ISLAMABAD: Pakistan State Oil (PSO) has shared the market study with Sinopec, a Chinese company, and Saudi Aramco enabling them to decide for establishing a $10 billion green refinery or a crude-to-petrochemical refinery.
The market study was carried out on the suggestion made by Sinopec and Saudi Aramco to know if the refinery is required or not. PSO was given the task to complete the study by end of December, 2024.
“As per the study, the peak demand for POL products at a global level would be in 2028-29 then decline would start,” a senior official at Petroleum Division told this scribe. However, in case of Pakistan, demand for POL products would stay till 2050.
As far as petrochemicals are concerned, PSO study says demand for petrochemicals in Pakistan is not up to the mark. The petrochemicals could be exported, the official said.
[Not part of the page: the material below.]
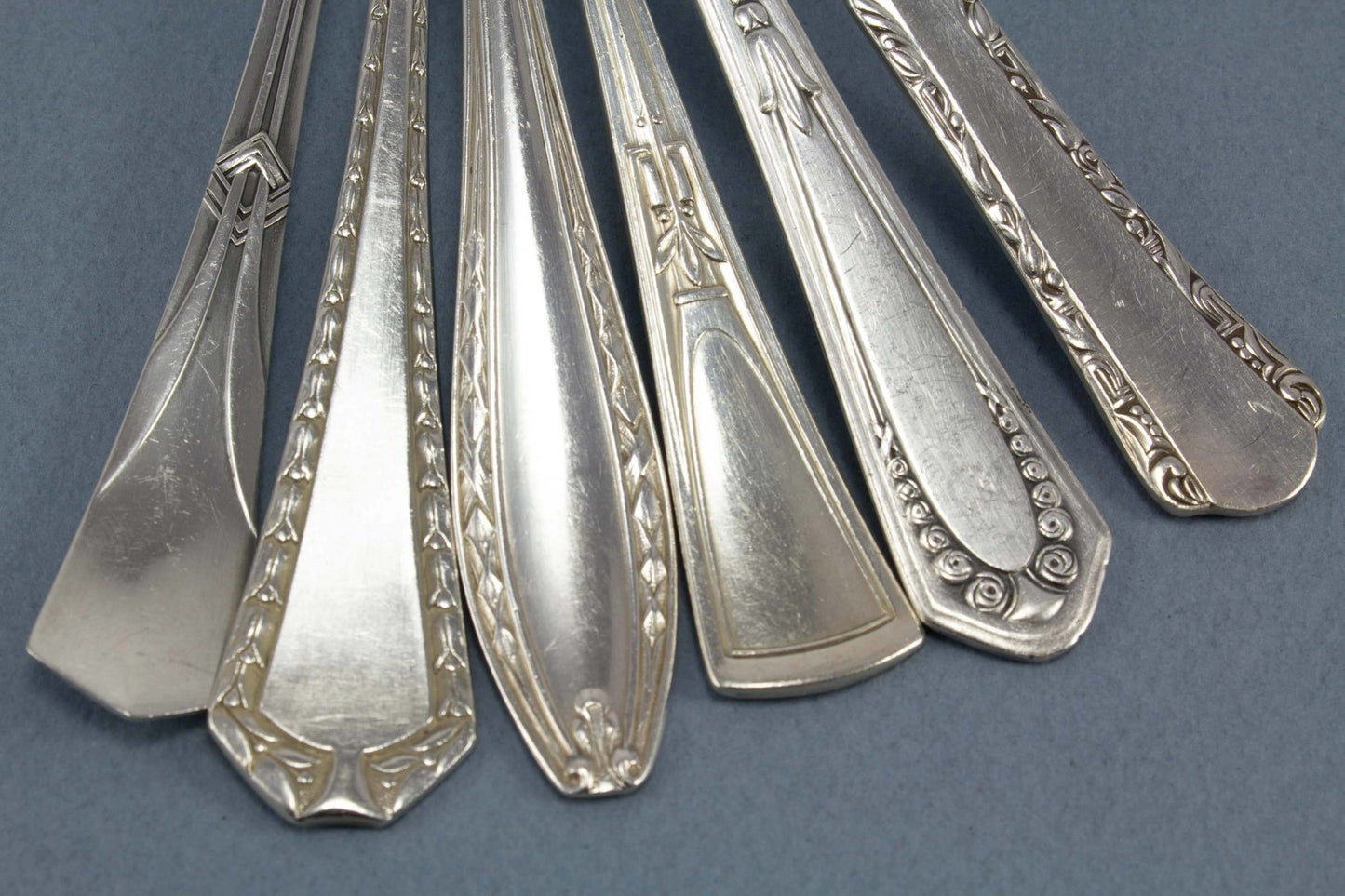 アールヌーボーとアールデコの異なる印象的な装飾が施された6つのアンティークと銀メッキのヴィンテージティースプーン。

The ball is now in the court of Sinopec and Saudi Aramco to decide if they would establish a refinery at Hub, Balochistan, or not, the official said.
“Pakistan wants Saudi Arabia to establish a deep conversion state-of-the-art refinery in Pakistan for which it notified the green refinery policy in 2023, loaded with huge incentives including 7.5pc deemed duty for 25 years and a tax holiday for 20 years,” the official said.
However, top official sources, while referring to the study, said Saudi Aramco and Sinopec may not agree to install the refinery, as in the years to come dependence on fossil fuel will diminish and use of alternate fuel and electric vehicles will increase manifold.